気に食わないから叩く、デマ・印象操作で信用を貶める。暇空はこれを公金を巡る疑惑という形に仕立て上げ、住民監査請求・住民訴訟というプロセスに乗せることで相手が対応せざるを得なくした。同時に、主張の正否に関係なく形式が整えば乗せられるにも関わらず「疑惑が正しい」との印象を振り撒いた。

要はこれだけのこと。あとは、都合よく事実を拾って妄想でつないで際限なく「問題」「疑惑」を生み出し続ければいい。その主張は無知・無理解を晒しているだけなのだが、その無知・無理解を共有する者、目をつぶれる者には訴求するし、彼らが勝手に膨らませてくれるし新たなネタも発掘してくれる。

暇空に直接間接に乗っかり、ネタ・知恵を提供し、増幅・拡散してきた議員、専門家、言論人、メディアの責任は重い。何らかの専門知識等を持つ「調査員」らも。

そして、支援団体、NPOそのものの機能と役割に対する無知、無理解が甚だしく、ネオリベの悪い部分を濃縮したような主張が目立つ。

やってることは暴露系YouTuberのようなことなのだが、住民監査請求・住民訴訟と、そしてそのためのカンパと組み合わせることで費用を調達するに止まらず収益化もできるビジネスモデルができてしまったことは特徴的だし、それで長期戦が可能になってしまった。

暇空らが「問題」「疑惑」などと騒いできた主な点についてはこちら。

まあどれもこれも、叩きたいだけで無理やりケチをつけているだけで妄想の域。実際、暇空らの妄想は際限なく膨らんでいる。

どう対抗するのか?

暇空らの妄想を嗤うのは簡単なのだけど、そこから脱け出すのは簡単なことではなくてね。アルコール依存症が「否認の病」とも言われるのと同じで、「認めること」が最初でとても困難なハードルなんだよね…。
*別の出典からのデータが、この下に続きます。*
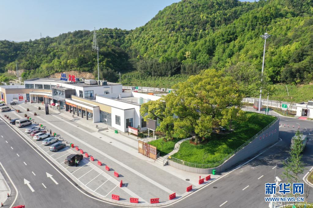 杭州第二繞城高速西復線次塢服務區有3棵樹齡在100年以上的古樹。服務區在建設過程中,將古樹保護起來,現已成為一道特色景觀。新華社發(郭斌 攝)

だから、まず必要であり、できることは、暇空を称賛、同意、肯定しないこと、させないこと。その大きな源泉でもある直接間接の協力者をを称賛、同意、肯定しないこと、させないこと。彼らの言説を広めず、広めさせず、対抗言説などにより無効化していくこと。そうやって輪を小さくしていくこと。

暇空問題は終わったと思っている人は多いが、住民訴訟等が続いており都と4団体に過度な負担がかかり続けている。また、他団体を含め実害が生じたし依然として対応を余儀なくされている。必死に業務を回しているから被害や負荷の実態が外からは見えにくいだけ。それに暇空問題は単発事象ではない。
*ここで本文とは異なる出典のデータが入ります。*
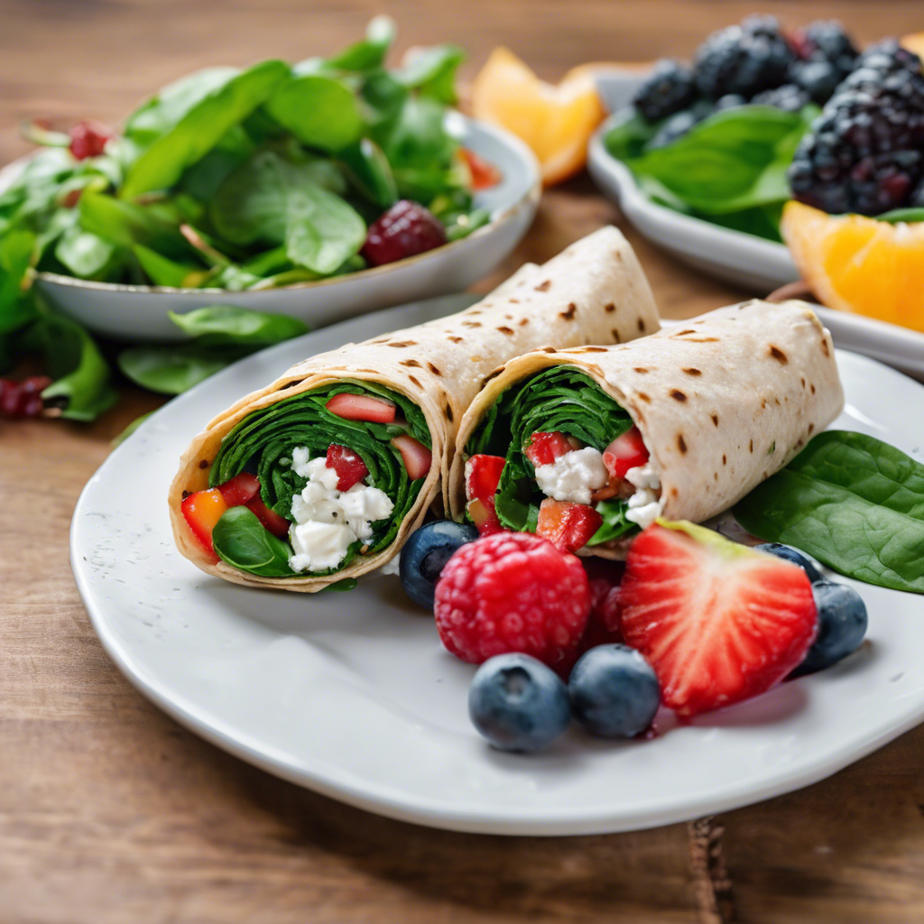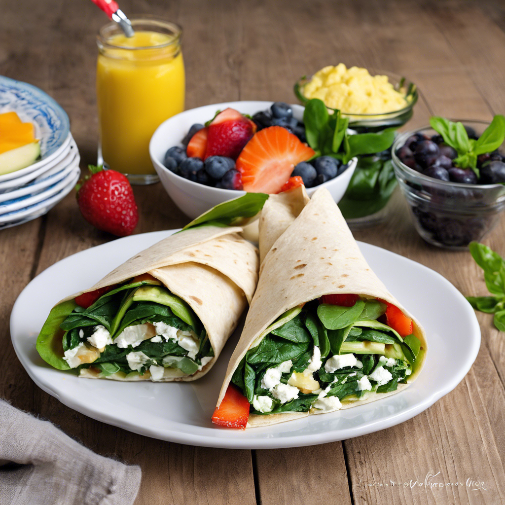 The Spinach and Feta Breakfast Wrap is a delightful fusion of flavors and textures that has become a staple in breakfast menus across the globe. Originating in the Mediterranean region, this dish combines the earthy richness of spinach with the tangy saltiness of feta cheese, all wrapped in a warm, soft tortilla. The addition of a side of fresh fruit salad adds a refreshing and healthy element to the meal, making it a popular choice for those seeking a balanced breakfast option. Chefs in Greece and Turkey are renowned for their mastery of incorporating spinach and feta into various dishes, and their influence can be seen in the widespread popularity of this breakfast wrap. The best versions of this dish can often be found in Mediterranean-inspired cafes and restaurants, where the ingredients are sourced fresh and the flavors are authentically vibrant. The key to a perfect Spinach and Feta Breakfast Wrap lies in the quality of the ingredients. Fresh, vibrant spinach and creamy, tangy feta cheese are essential for creating a harmonious balance of flavors. The tortilla should be warm and soft, providing a comforting embrace for the filling. As for the fruit salad, the selection of ripe, seasonal fruits is crucial for achieving a burst of natural sweetness and juiciness that complements the savory wrap. For those looking to add a twist to the traditional recipe, a popular alternative method involves incorporating scrambled eggs into the wrap, adding a luscious, velvety texture and an extra layer of protein to the dish. This variation is particularly favored in North American breakfast spots, where it has become a beloved morning indulgence. Today, the Spinach and Feta Breakfast Wrap with a side of fresh fruit salad can be savored in various eateries that celebrate the Mediterranean culinary heritage, offering a delightful and wholesome breakfast experience.

近々では、#MeToo や #フラワーデモ に対して吹き荒れたバッシングや、女性が告発等声を上げた様々な事案に際しての猛烈な攻撃。このバックラッシュ状況から暇空問題が生まれ広がった。困難女性支援法での再燃もあり得るし、前に出る者は入れ替わるだけ。

だから、ジェンダー・イシューやフェミニズムに関わりや関心のある少なからぬ人たちが対岸の火事のように沈黙しているのが歯痒い。標的になっている団体・個人への評価や好き嫌いの問題ではないということも強調しておきたい。
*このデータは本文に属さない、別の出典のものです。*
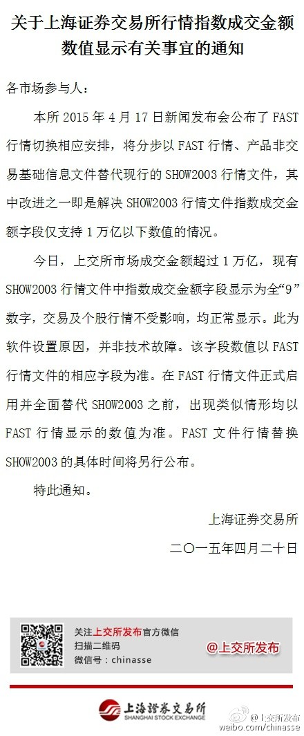 對此,上交所發(fā)布《關于上海證券交易所行情指數(shù)成交金額數(shù)值顯示有關事宜的通知》。

こんな風な揶揄で暇空問題のような攻撃の土壌は耕され続けている訳で。その根深さを感じている人は多いはず。

心ある記者も各社で孤軍奮闘の感があるし、もっといろんな人に前に出てきて欲しい。2000年代バックラッシュのように、「振り返ってみればあれは」ということにしてはならないし、同じように後々まで影響を残させるようなことにしてはならない。既に暇空がアンチフェミに一つのモデルを示した訳だし。

女性支援団体叩きと共同親権運動は連動しているし、入管法改正やLGBT理解増進法に際しての当事者・支援者叩きとも重なった。「向こう」は融通無碍につながって面的に広がり相互乗り入れしている。こっちも面的に対抗していかないと、各分野、各団体に担わせるには重過ぎる。